Agricultural land is typically land devoted to agriculture, the systematic and controlled use of other forms of life—particularly the rearing of livestock and production of crops—to produce food for humans. It is generally synonymous with both farmland or cropland, as well as pasture or rangeland.

The United Nations Food and Agriculture Organization (FAO) and others following its definitions, however, also use agricultural land or agricultural area as a term of art, where it means the collection of:
- arable land (also known as cropland): here redefined to refer to land producing crops requiring annual replanting or fallowland or pasture used for such crops within any five-year period
- permanent cropland: land producing crops which do not require annual replanting
- permanent pastures: natural or artificial grasslands and shrublands able to be used for grazing livestock
This sense of "agricultural land" thus includes a great deal of land not devoted to agricultural use. The land actually under annually-replanted crops in any given year is instead said to constitute sown land or cropped land. "Permanent cropland" includes forested plantations used to harvest coffee, rubber, or fruit but not tree farms or proper forests used for wood or timber. Land able to be used for farming is called cultivable land. Farmland, meanwhile, is used variously in reference to all agricultural land, to all cultivable land, or just to the newly restricted sense of "arable land". Depending upon its use of artificial irrigation, the FAO's "agricultural land" may be divided into irrigated and non-irrigated land.

In the context of zoning, agricultural land or agriculturally-zoned land refers to plots that are permitted to be used for agricultural activities, without regard to its present use or even suitability. In some areas, agricultural land is protected so that it can be farmed without any threat of development. The Agricultural Land Reserve in British Columbia in Canada, for instance, requires approval from its Agricultural Land Commission before its lands can be removed or subdivided.

==Area==

Cropland nitrogen budget by component and region, a large proportion comes from fertilizers.

Under the FAO's definitions above, agricultural land covers 38.4% of the world's land area as of 2011 and in 2023 4.80 billion hectares (ha), down 2 percent, or 0.07 billion ha, compared with 2000. In 2011 permanent pastures are 68.4% of all agricultural land (26.3% of global land area), arable land (row crops) is 28.4% of all agricultural land (10.9% of global land area), and permanent crops (e.g. vineyards and orchards) are 3.1% (1.2% of global land area).
- Total of land used to produce food: 49,116,227 sqkm
- Arable land: 13,963,743 sqkm
- Permanent pastures: 33,585,676 sqkm
- Permanent crops: 1,537,338 sqkm

In 2022, the global agricultural land area was 4.78 billion hectares (ha), down from 4.79 billion hectares in 2021. One-third of the total agricultural land was cropland (1.58 billion ha in 2021), which increased by 6 percent (0.09 billion ha).

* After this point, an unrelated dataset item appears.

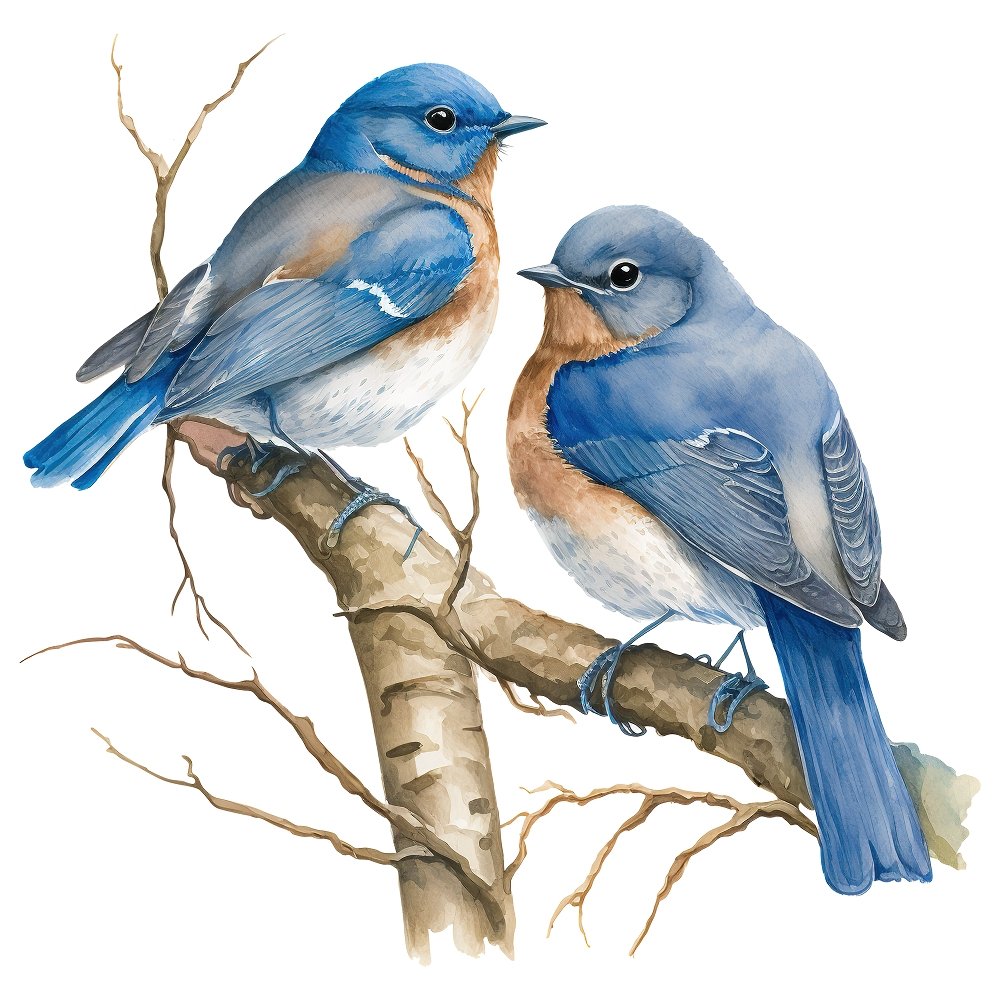 Watercolor Bluebird Scene #1 Fabric Panel
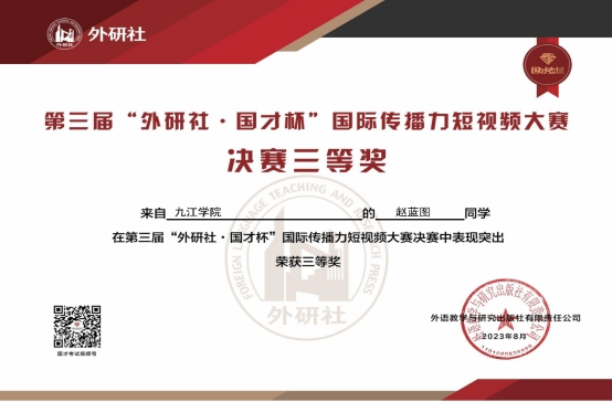 近日,由外研社主办的第三届“外研社·国才杯”国际传播力短视频大赛圆满落幕并公布了获奖名单,由beat365日语专业师生组成的团队积极参加比赛,最终以作品“中国人物—朱熹”喜获全国三等奖。团队成员分别是杨文蕾、赵蓝图、刘艺、黄欣悦、叶芷乐五位学生。日语小语种教研室主任陈德超博士、专任教师孙旭博士获得本次比赛指导教师三等奖。

In 2023 Asia had the largest share of the global cropland area in 2023 (37%), followed by the Americas (23%), Africa (20%), Europe (18%) and Oceania (2%). Approximately 30% of global cropland and permanent meadows and pastures can be found in three countries; 12% of global permanent meadows and pastures belonged to China, 10% to Australia and 8% to the United States of America. For the same year, the largest contributors to global cropland were India (11%), the United States of America (10%) and China (8%)
Agricultural area over the long-term.
Agricultural-area-per-capita.
World agricultural land by use, permanent meadows and pastures and cropland.
Area used for crops by country in 2021.
Distribution of cropland area, 2020.
World agricultural land area by main category, 2023.
Asia had the largest share of the global cropland area in 2021 (37 percent), followed by the Americas (24 percent), Africa (19 percent), Europe (18 percent) and Oceania (2 percent). There were differences in cropland expansion in the different regions during this period – Oceania and Africa both had rapid growth in cropland area (33 percent and 27 percent), while Asia and the Americas had more moderate growth (4 percent and 2 percent). The cropland area of Europe declined between 2000 and 2021 by 5 percent. As a result, the cropland area of Africa overtook that of Europe in 2018.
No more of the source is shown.